Hello everyone. My Thunderbolt is being replaced by BestBuy under the black tie protection. Because they didn't have another Android loaner, they broke a new Motorola X2 out of the box as a loaner until my replacement comes in, and I had to put down a $50 deposit just in case I don't bring the X2 back. Since the X2 is newer than the Thunderbolt, I considered not returning it and taking the hit for the deposit. But...

Three days into using this phone and I'm reminded as to why I've been so happy with my Thunderbolt for over a year now, even though development has dropped significantly.

Yes the X2 has a nice screen, is dual core, and has a better camera. There are no light leaks near the buttons. However, the GUI in my opinion is inferior to Sense. It often lags when you're pressing home screen icons or navigating screens. When I run Cardiotrainer and Doubletwist simultaneously, the music starts to skip randomly as if this phone were a portable CD player. And this is with dual core? My stock Thunderbolt ran more smoothly with a single processor.

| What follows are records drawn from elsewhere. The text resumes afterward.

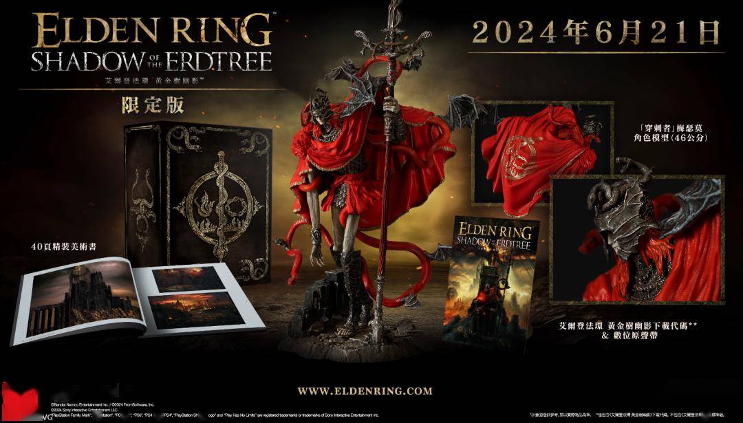《艾尔登法环 黄金树幽影》限定版也将于6月21日推出,包含限定外盒、40页美术书、穿刺者梅瑟莫角色模型(46厘米高)、艾尔登法环黄金树幽影下载码、数位原声带。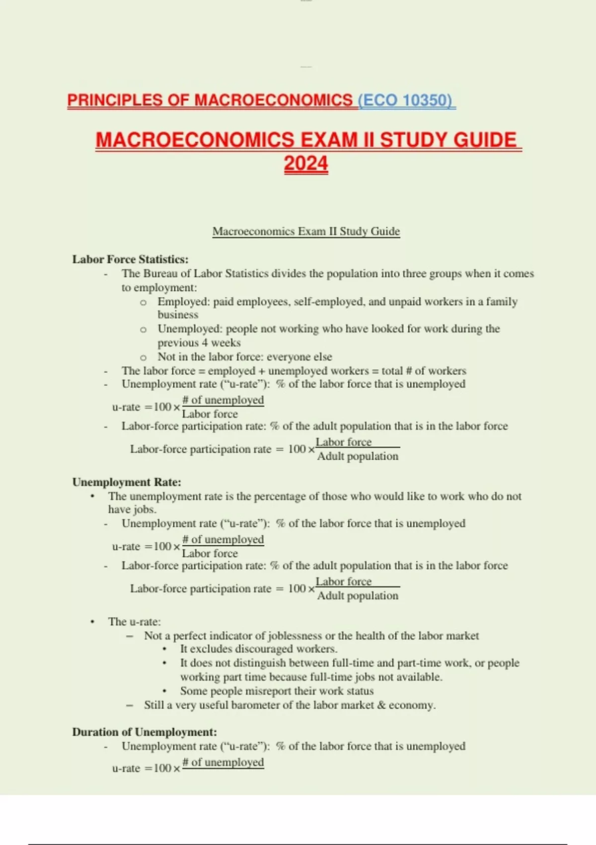 PRINCIPLES OF MACROECONOMICS (ECO 10350) MACROECONOMICS EXAM II STUDY GUIDE 2024
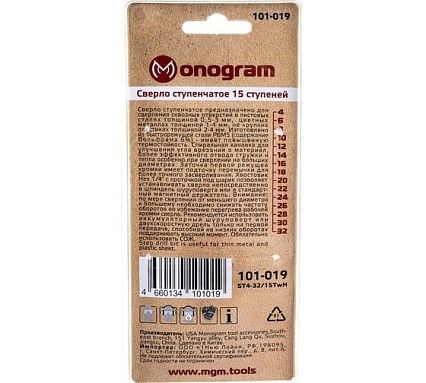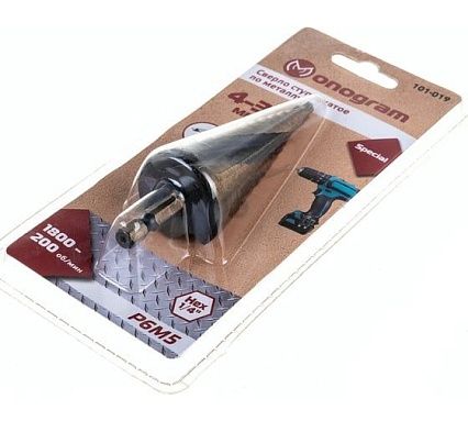Сверло ступенчатое Monogram 101-019 предназначено для сверления сквозных отверстий в листовых сталях толщиной 0,5-3 мм, цветных металлах толщиной 1-4 мм, не хрупких пластиках толщиной 2-4 мм.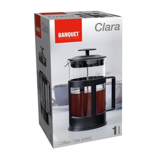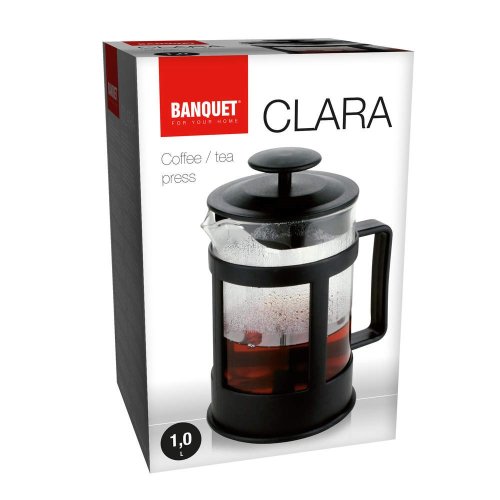 Konvice na kávu CLARA 1 l je skleněná konvice s plastovými doplňky v černé barvě a filtračním pístem z nerezové oceli, nerez 18/8, sklo je určeno pro horké nápoje (sklo není varné).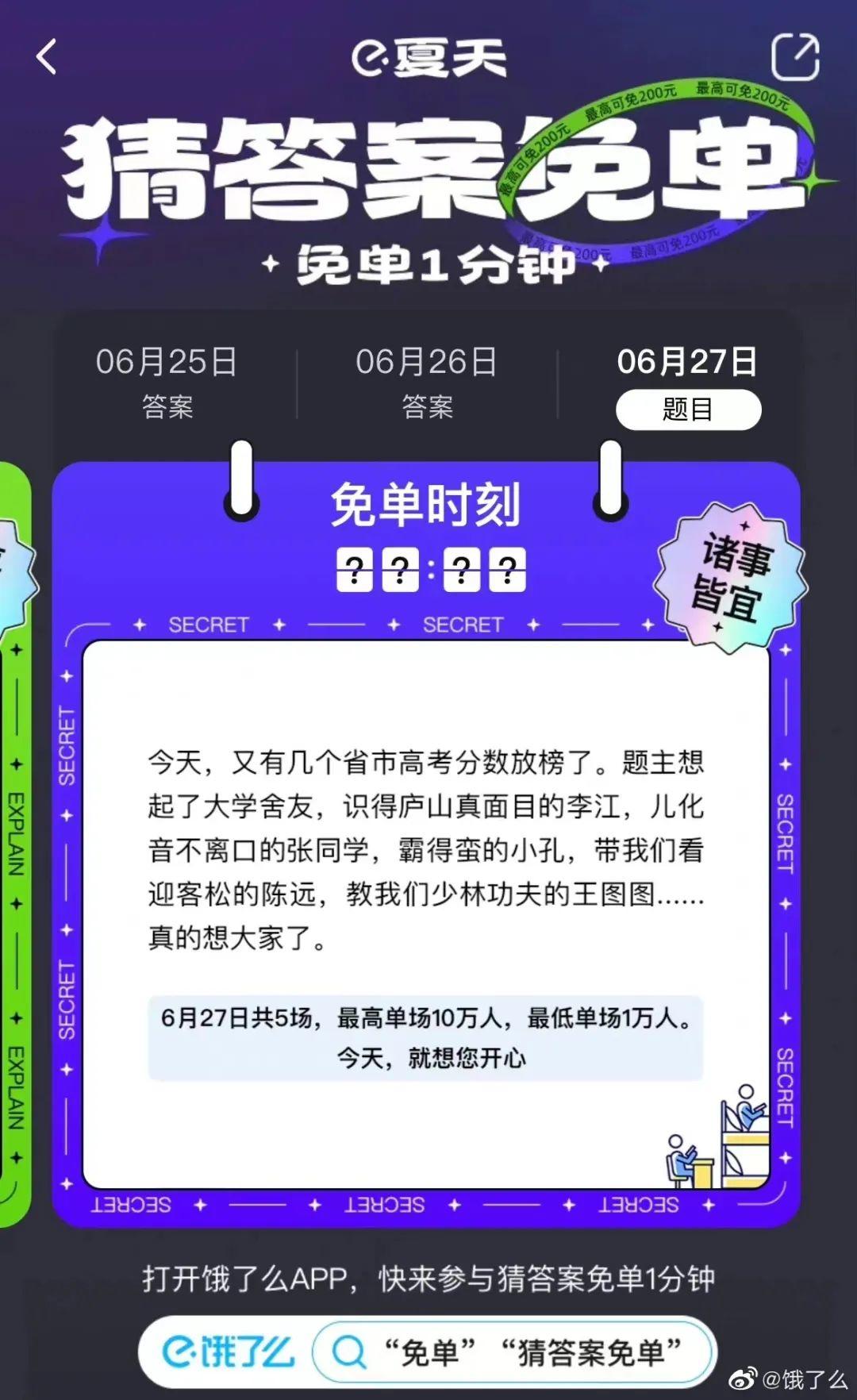 6月27日一早,饿了么“免单一分钟”就给出了今日免单的新线索:今天,又有几个省市高考分数放榜了,题主想起了大学室友,识得庐山真面目的李江,儿化音不离口的张同学,霸得蛮的小孔,带我们看迎客松的陈远,教我们少林功夫的王图图。真的想大家了!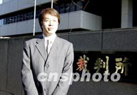 在靖國(guó)神社石獸上用紅漆噴寫抗議字樣、反對(duì)日本首相參拜的中國(guó)青年馮錦華10日被日本法院以“損害器物罪”判刑十個(gè)月、緩期三年。馮錦華結(jié)審后在法院前留影,以紀(jì)念這次難忘的經(jīng)歷。中新社記者 陶光雄 攝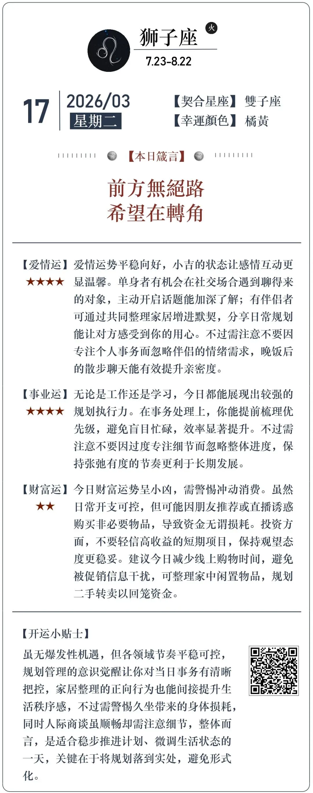 你的明日运势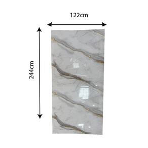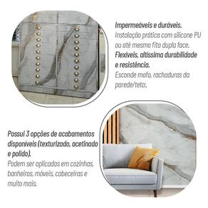 O Revestimento Decorativo Premium Placa Marmorizada Calacatta Dourada oferece o visual sofisticado do mármore natural, sem o custo elevado, peso excessivo e manutenção complicada. Com acabamento polido e espessura de apenas 0,3cm, esta placa flexível é leve, fácil de instalar e pode ser recortada com um simples estilete.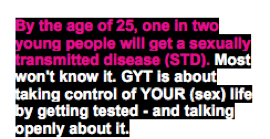 Questo tono neutro probabilmente non farà scappare i teenagers, ma li spronerà ad agire? Confrontatelo con un altro esempio: GYT (“Get Yourself Tested”) [Fai le analisi, ndr] su It’s YOUR (Sex) Life, una campagna sponsorizzata da MTV e dalla Kaiser Family Foundation. Lo slang del web e dei cellulari è il fulcro della campagna. Mi sono chiesta, insieme a Tracy Clark-Flory di Salon.com, se usare questo gergo non sia osare troppo, come una mamma di mezza età che si mette i vestiti di sua figlia adolescente. Ad esempio, leggete questo testo preso dalla pagina principale di GYT.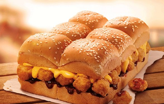 The sandwich that has chicken poppers in between for the filling oozes cheese and barbeque sauce and will only cost you $9.95.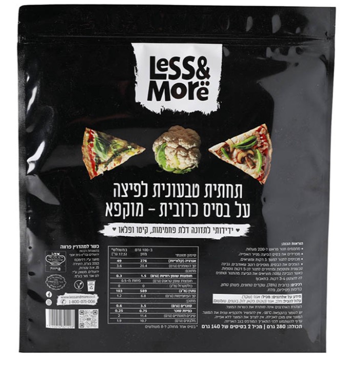 תחתית פיצה כרובית טבעונית, מבוססת רכיבים טבעיים וללא גלוטן, אידאלית לתזונה קטוגנית, פליאו או כל תפריט דל-פחמימות. התחתית קלה, מזינה ועשויה מכרובית טרייה, ללא תוספת סוכר וללא מרכיבים מיותרים. מעניקה בסיס מצוין לפיצה ביתית טעימה, עם ערכים תזונתיים מרשימים ותחושת קלילות.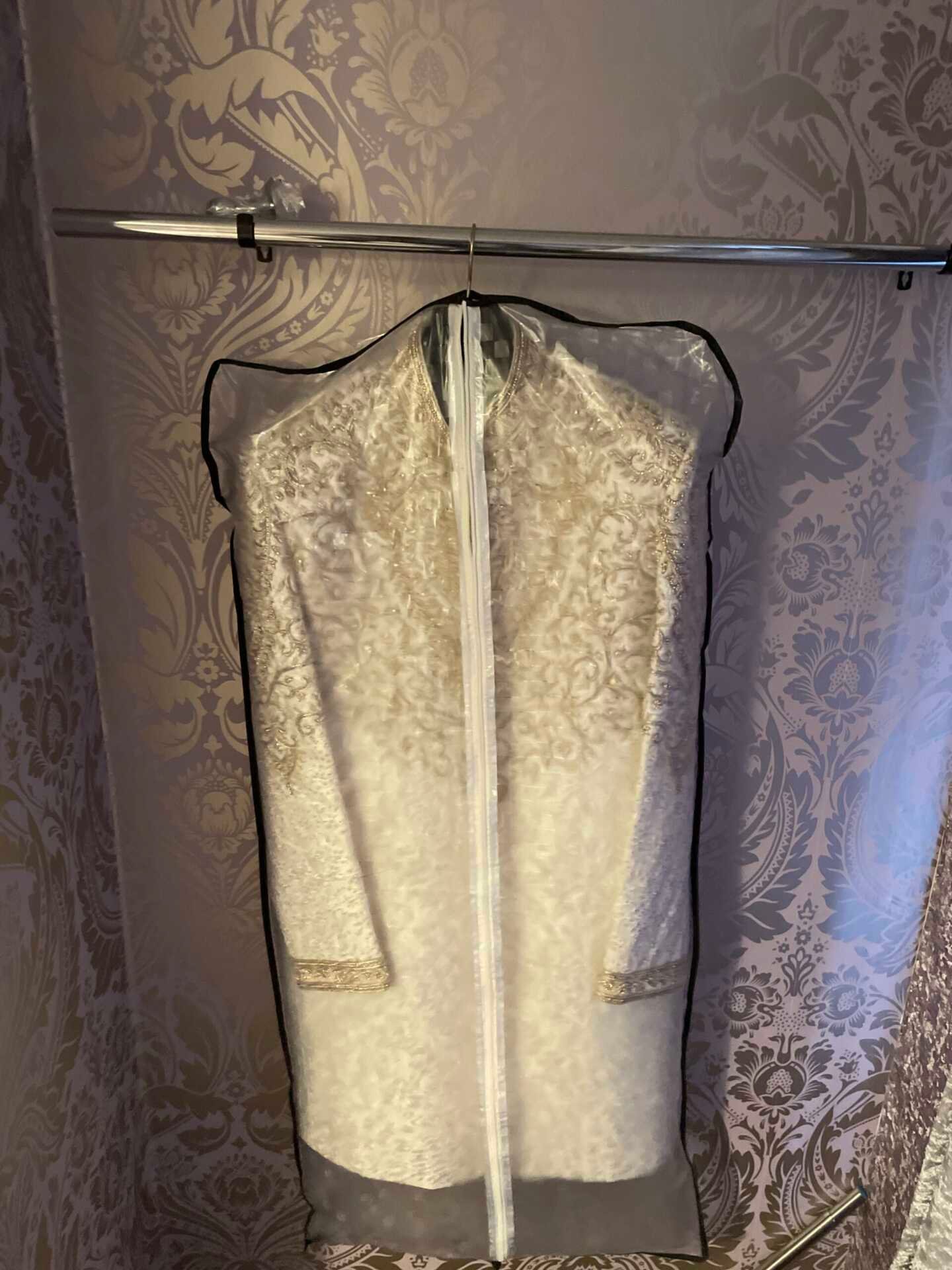 Get your hands on this stunning practically brand new as has only been worn once in its life, size 40 ivory white and gold mens sharwani. The look it gives the groom is absolutely magnificent. It looks like you have just come off the set of Jodhaa Akbar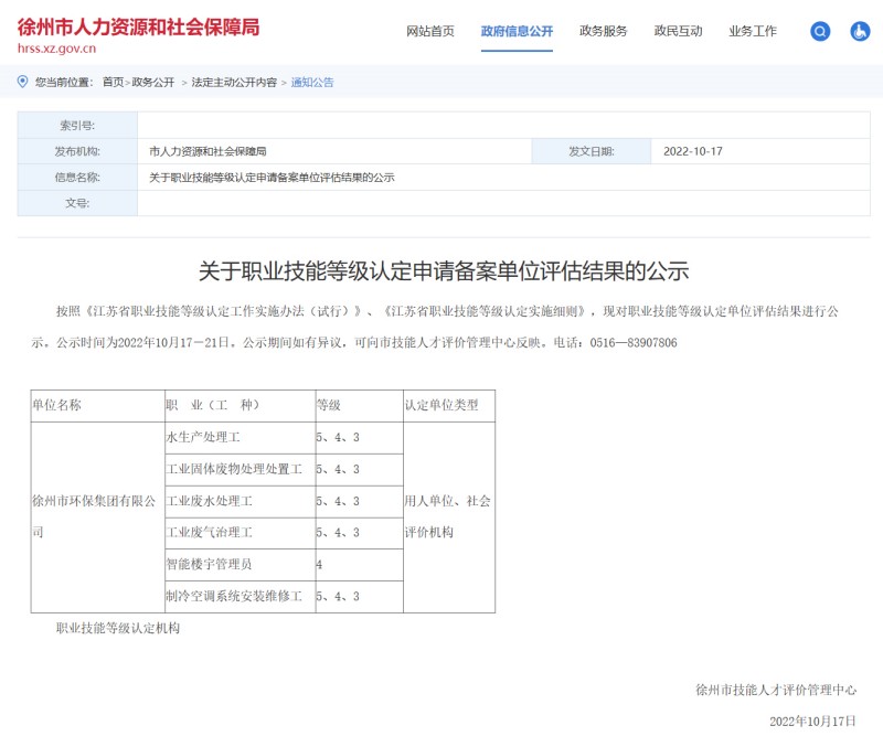 徐州市環(huán)保集團評價中心通過徐州市人力資源和社會保障局審批。按照《江蘇省職業(yè)技能等級認定工作實施辦法(試行)》《江蘇省職業(yè)技能等級認定實施細則》,徐州市環(huán)保集團有限公司成為水生產(chǎn)處理工、工業(yè)固體廢物處理處置工、工業(yè)廢水處理工、工業(yè)廢氣治理工、制冷空調(diào)系統(tǒng)安裝維修工的5、4、3級以及智能樓宇管理員4級的職業(yè)技能等級認定機構。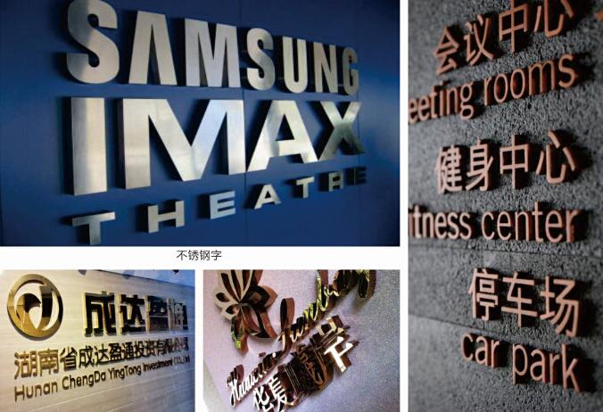 金属字包括:铜字、铁字、不锈钢字、钛金字、LED发光字、耐指纹不锈钢拉丝字、8k不锈钢亮面字、镀钛金字、24k镀真金字、24k贴金字、镀镍字、镀铬字、沙银字、花纹烤漆字、水纹透光字、实心电镀字等。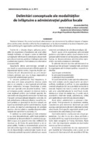 Delimitări conceptuale ale modalităţilor de înfăptuire a administraţei publice locale Relations between the central and local administration are characterized by different degrees of dependence on the center, therefore either by the centralization, or by deconcentration or by decentralization, principles underlying the organization and functioning of public administration.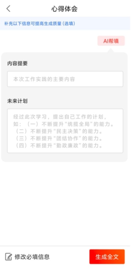 点击左下角的“补充选填信息”按钮,即可对选填信息进行编辑操作。在“心得体会”这一选填板块中,您可以填写内容提要以及未来计划等相关内容。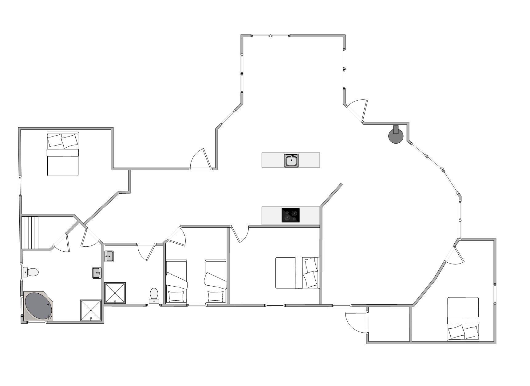 Huset virker straks chic og alligevel meget hyggeligt. De fire soveværelser er perfekt fordelt, så man selv som "snorker" ikke går hinanden på nerverne. Begge badeværelser er meget gode.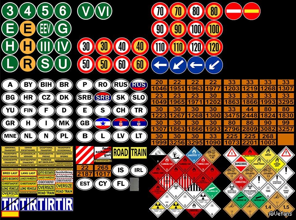 Mod adds more than 341 marking marks to trucks in various categories of country codes, speed limits, warnings, environmental warnings and others.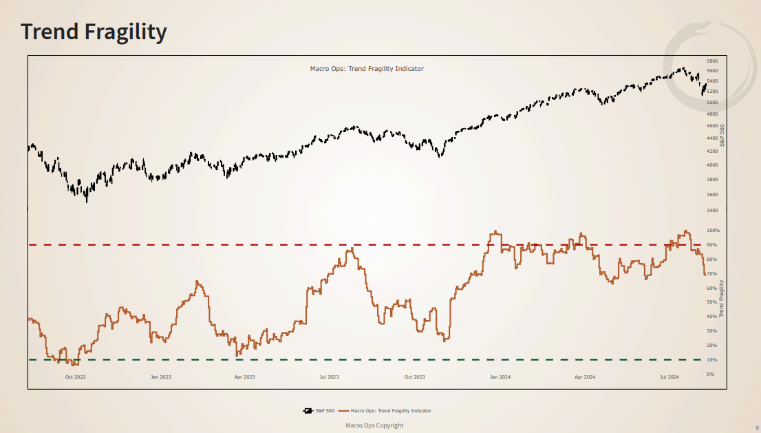 1. Our Trend Fragility indicator which hit 100% before the start of this selloff, has now fallen to slightly more neutral levels at 70%.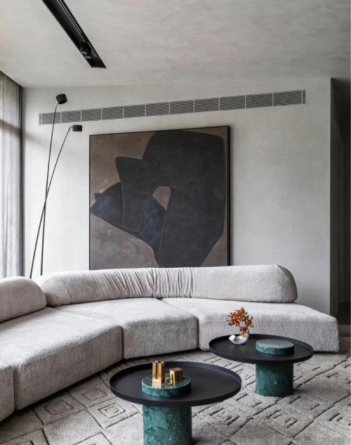 在大面积微水泥肌理下,瞬间渲染出强烈的侘寂美学风格;同时在阳光、花艺、烛台和精致的艺术品陪伴下,也不失情绪和温度。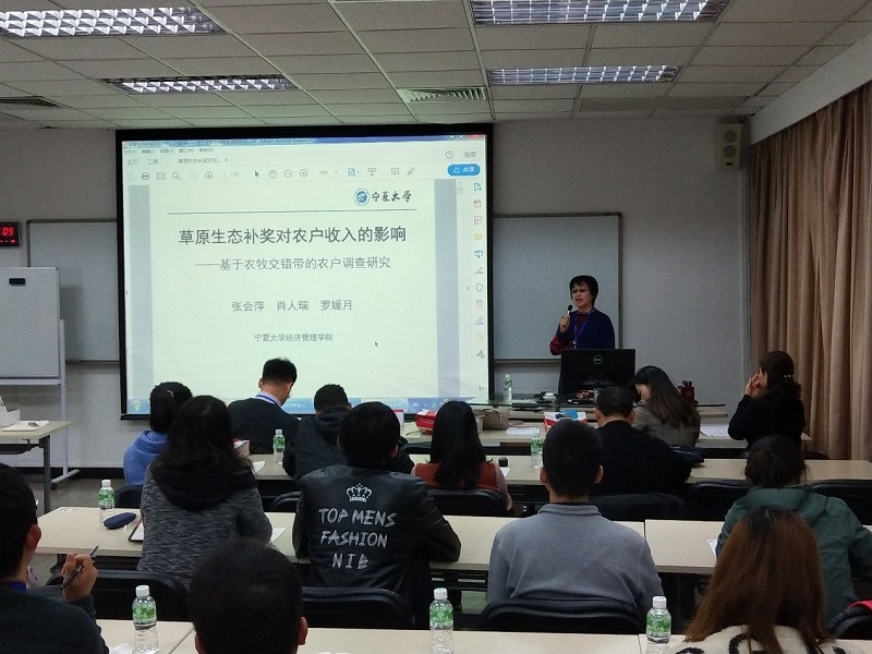 东梅教授主持了专场会议,4名教师汇报了学术论文。杨国涛教授报告了beat365理论经济学一流团队建设发展情况,并结合国家战略和地方需求,报告了研究团队对精准扶贫的研究进展。4名教师的报告分别是:张会萍教授报告了《草原生态补奖对农户收入的影响——基于农牧交错带的农户调查研究》,雷安琪博士报告了《我国精准扶贫政策的国际比较》,东梅教授报告了《生态意识与生态行为关系实证研究》,杨国涛教授报告了论文《农户资产分布对收入分配的影响——以六盘山片区为例》。来自全国的专家学者认真听取了报告,会场满座,大家认为公司研究团队的成果有特色有价值,积极提问,产生了热烈的反响和良好的印象。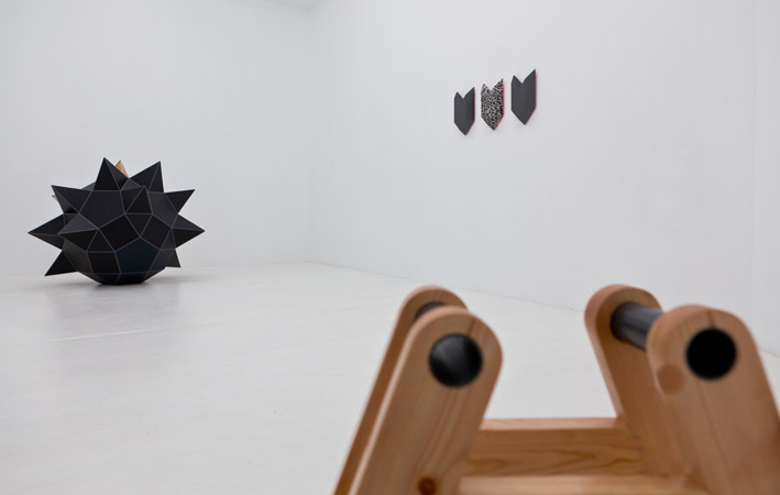 Las esculturas de esta exposición remiten en sus formas a criptonitas, cristales espaciales, estrellas y naves aerodinámicas. Reflexionando sobre su obra, Álvaro Gil escribe: “Gran parte de mi trabajo artísti­co y de mis investigaciones, se centra en construcciones basadas en el concepto de customización y en transformaciones superficiales hechas a medida, desde una actitud bricolajista enlazada a prácticas de tipo DIY (Do it Yourself)”. El artista navarro avanza por acumulación de capas aunque finalmente son sólo las superficiales las que actúan como carcasas transformativas dando al objeto un nuevo valor formal y concep­tual. Ejerciendo una postura procesual y relacional a través del reciclaje y del montaje, construye artefactos donde lo funcional y lo estético se conforman extrañamente. El presente proyecto se sitúa justamente en el encuentro de lo estructural con lo meramente decorativo.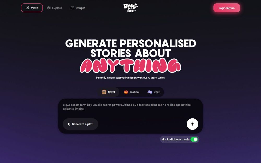 DreamPress 是一款面向写作者与创作者的 AI 故事生成器平台,旨在将用户的想法在短时间内转化为吸引人的故事内容。网站提供多种故事类型与模板,支持个性化设置、情节生成以及有声书输出,用户既可以快速生成完整小说,也可以与 AI 角色进行互动式写作或聊天式创作。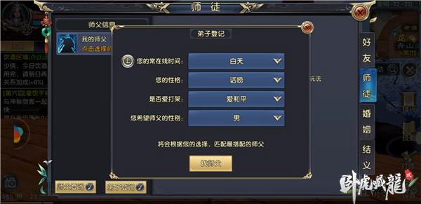 当玩家等级突破20级时即可开启师徒系统,在40级之前,玩家只可以进行拜师。40级之后既可以选择拜师,同时也可以去收徒。如果觉得在茫茫人海中发现合适的师父或徒弟有点困难,《卧虎藏龙贰》中的师徒匹配系统绝对可以让你高枕无忧。玩家使用师徒匹配系统,主动告诉系统一些自己对于师父或者徒弟的期望需求,例如填写自己的在线时间、性格、是否爱打架、师父性别等个人信息,系统自动会为你找到合适的人选。选择好师父后,由师父选择是否答应收徒。收徒则需要前往皇城师徒场所才能登记个人信息。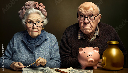 Rentner Paar Ehepaar sitzt vor einem Sparschwein am Tisch Ruhestand Rentenerhöhung Ersparnisse Rente Altersvorsorge reichen nicht aus Generative AI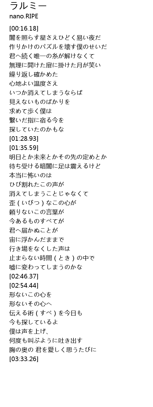 | [03:16.12] | 何度も叫ぶように吐き出す |

Further gripes include the lack of 4g, which is a deal breaker for me since we just got it a few months ago. Also GPS on the Thunderbolt is more accurate and consistent than the X2. Although it locks quickly, when I track my workouts with Cardiotrainer, the total distance is all over the place, whereas on the Thunderbolt it has been very consistent.

So... now that I've got this X2, I'm reminded of why I like and have liked my Thunderbolt for a long time now. It's easy to get pessimistic with the lack of development as of late and the problems with RIL, however, it's still a rock solid phone and it took this experience to remind me why I should still own it.

Sent from my DROID X2 using Tapatalk 2


----------



## JDely31 (Jun 18, 2011)

I can't speak on the DX2 but I had an original DX. After having my thunderbolt for about 2 months. I am not convinced its better than the DX. I flashed multiple rom's including sense, thundershed, & liquid. My DX seemed faster & smoother. Build quality was top notch. Only downside was 3g & locked bootloader. Even that. I'm having a hard time liking the tbolt more.

Sent from my HTC ThunderBolt using RootzWiki


----------



## JDely31 (Jun 18, 2011)

I like to add this has nothing to do with roms on the tbolt. There top notch. Oh yeah Tbolt camera blows away Motorola's camera.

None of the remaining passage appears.